__To do__
A faithful copy without images is required: write out all the records exactly.

__Exercise material__

>>>

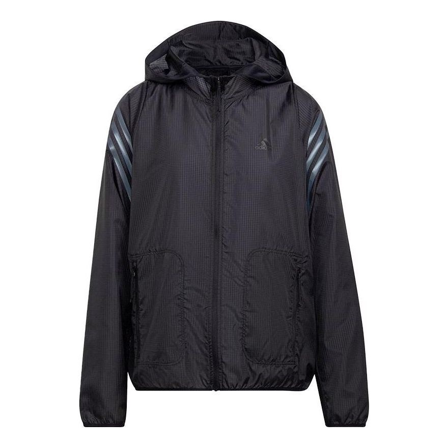 (WMNS) adidas Run Icons 3-Stripes Hooded Running Windbreaker 'Black' HC7976
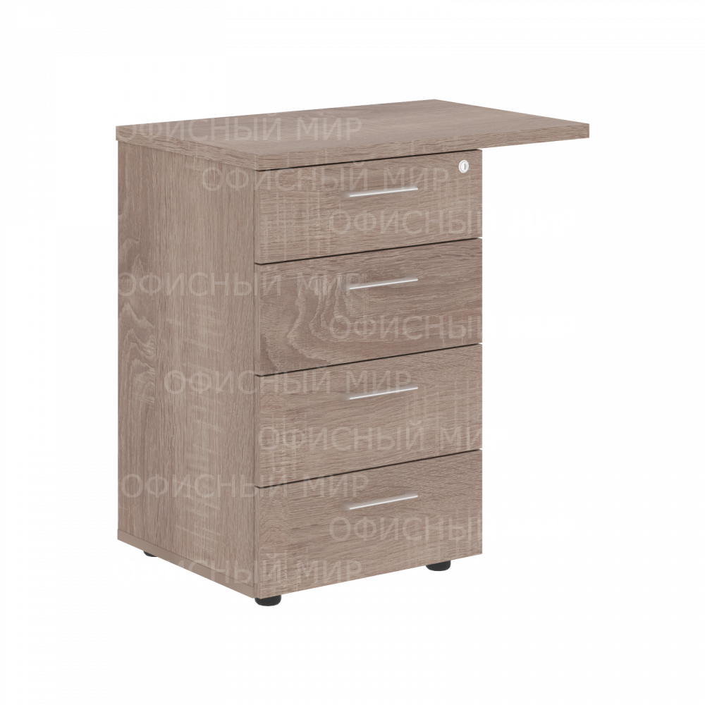 Универсальная приставная тумба XTEN для офисного или домашнего использования. Размеры - 700х750х450 мм, цвет - Дуб Сонома. Тумба оснащена солидным и увеличенным верхним топом - 25 мм, для более удобного присоединения к столу. Надежная защита торцевых поверхностей - кромка ПВХ 2 мм. Количество ящиков – 4, с долговечными и стильными металлическими ручками. Тумба оснащена центральным замком, позволяющим закрывать все ящики одним поворотом ключа. Конструкция тумбы оснащена прочными силовыми креплениями – эксцентриковыми стяжками. Регулируемые по высоте опоры обеспечат тумбе устойчивость на неровном полу.
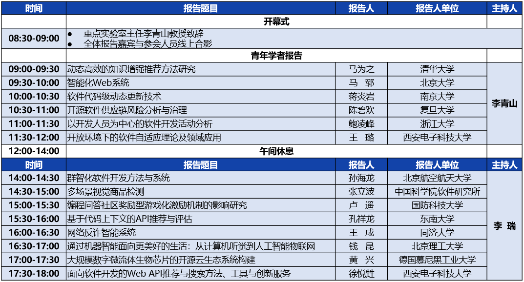 西安市智能软件工程重点实验室围绕软件工程学科内涵,以智能的软件工程和智能软件的工程为主要研究内容,致力于提升软件设计、实现、运维等环节的智能化水平,突破面向特定行业和领域的智能软件关键技术,拓展“智能软件+X”前沿交叉研究及领域应用。同时,结合西安市“硬科技之都”建设和软件相关产业发展需求,着力于智能软件工程技术落地与自主可控系统研发。为紧跟智能软件工程学术发展前沿,加强软件工程领域青年教师学术交流,促进实验室高质量学术梯队建设,进而推动公司软件工程学科持续发展,智能软件工程重点实验室特此举办“第一届青年学者论坛”。论坛由美加墨世界杯官方网站智能软件与系统新技术研究所承办,通过线上的形式开展。
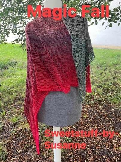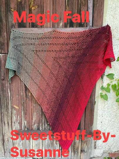 „Magic Fall“ ist ein wärmendes Schultertuch, welches von der Spitze aus nach oben mit Zunahmen an beiden Seiten gearbeitet wird.
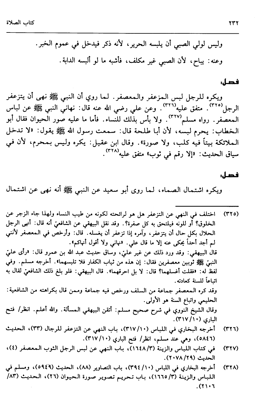 ويكره للرجل لبس المزعفر والمعصفر. لما روي أن النبي - صَلَّى اللَّهُ عَلَيْهِ وَسَلَّمَ - «نهى أن يتزعفر الرجل» . متفق عليه. وعن علي - رَضِيَ اللَّهُ عَنْهُ - قال: «نهاني النبي - صَلَّى اللَّهُ عَلَيْهِ وَسَلَّمَ - عن لباس المعصفر» . رواه مسلم. ولا بأس بذلك للنساء. فأما ما عليه صور الحيوان فقال أبو الخطاب: يحرم لبسه، لأن أبا طلحة قال: سمعت رسول الله - صَلَّى اللَّهُ عَلَيْهِ وَسَلَّمَ - يقول: «لا تدخل الملائكة بيتاً فيه كلب، ولا صورة» . وقال ابن عقيل: يكره وليس بمحرم، لأن في سياق الحديث: «إلا رقم في ثوب» متفق عليه.
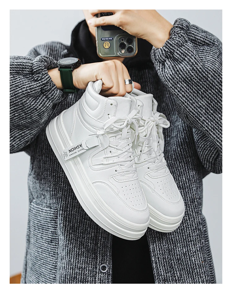 Sneaker Casual Men Designer White Running Shoes Fashion Microfiber Leather Breathable Increased Internal Platform Board Shoes
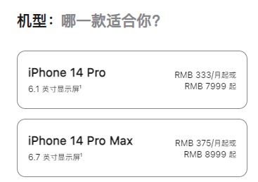 在苹果中国官网上,目前入门级iPhone 14的起售价为5,999元人民币,iPhone 14 Pro为7,999元人民币,iPhone 14 Pro Max价格更高,为8,999元人民币。

<<<

__Exercise response__
 (WMNS) adidas Run Icons 3-Stripes Hooded Running Windbreaker 'Black' HC7976
 Универсальная приставная тумба XTEN для офисного или домашнего использования. Размеры - 700х750х450 мм, цвет - Дуб Сонома. Тумба оснащена солидным и увеличенным верхним топом - 25 мм, для более удобного присоединения к столу. Надежная защита торцевых поверхностей - кромка ПВХ 2 мм. Количество ящиков – 4, с долговечными и стильными металлическими ручками. Тумба оснащена центральным замком, позволяющим закрывать все ящики одним поворотом ключа. Конструкция тумбы оснащена прочными силовыми креплениями – эксцентриковыми стяжками. Регулируемые по высоте опоры обеспечат тумбе устойчивость на неровном полу.
 西安市智能软件工程重点实验室围绕软件工程学科内涵,以智能的软件工程和智能软件的工程为主要研究内容,致力于提升软件设计、实现、运维等环节的智能化水平,突破面向特定行业和领域的智能软件关键技术,拓展“智能软件+X”前沿交叉研究及领域应用。同时,结合西安市“硬科技之都”建设和软件相关产业发展需求,着力于智能软件工程技术落地与自主可控系统研发。为紧跟智能软件工程学术发展前沿,加强软件工程领域青年教师学术交流,促进实验室高质量学术梯队建设,进而推动公司软件工程学科持续发展,智能软件工程重点实验室特此举办“第一届青年学者论坛”。论坛由美加墨世界杯官方网站智能软件与系统新技术研究所承办,通过线上的形式开展。
 „Magic Fall“ ist ein wärmendes Schultertuch, welches von der Spitze aus nach oben mit Zunahmen an beiden Seiten gearbeitet wird.
 ويكره للرجل لبس المزعفر والمعصفر. لما روي أن النبي - صَلَّى اللَّهُ عَلَيْهِ وَسَلَّمَ - «نهى أن يتزعفر الرجل» . متفق عليه. وعن علي - رَضِيَ اللَّهُ عَنْهُ - قال: «نهاني النبي - صَلَّى اللَّهُ عَلَيْهِ وَسَلَّمَ - عن لباس المعصفر» . رواه مسلم. ولا بأس بذلك للنساء. فأما ما عليه صور الحيوان فقال أبو الخطاب: يحرم لبسه، لأن أبا طلحة قال: سمعت رسول الله - صَلَّى اللَّهُ عَلَيْهِ وَسَلَّمَ - يقول: «لا تدخل الملائكة بيتاً فيه كلب، ولا صورة» . وقال ابن عقيل: يكره وليس بمحرم، لأن في سياق الحديث: «إلا رقم في ثوب» متفق عليه.
 Sneaker Casual Men Designer White Running Shoes Fashion Microfiber Leather Breathable Increased Internal Platform Board Shoes
 在苹果中国官网上,目前入门级iPhone 14的起售价为5,999元人民币,iPhone 14 Pro为7,999元人民币,iPhone 14 Pro Max价格更高,为8,999元人民币。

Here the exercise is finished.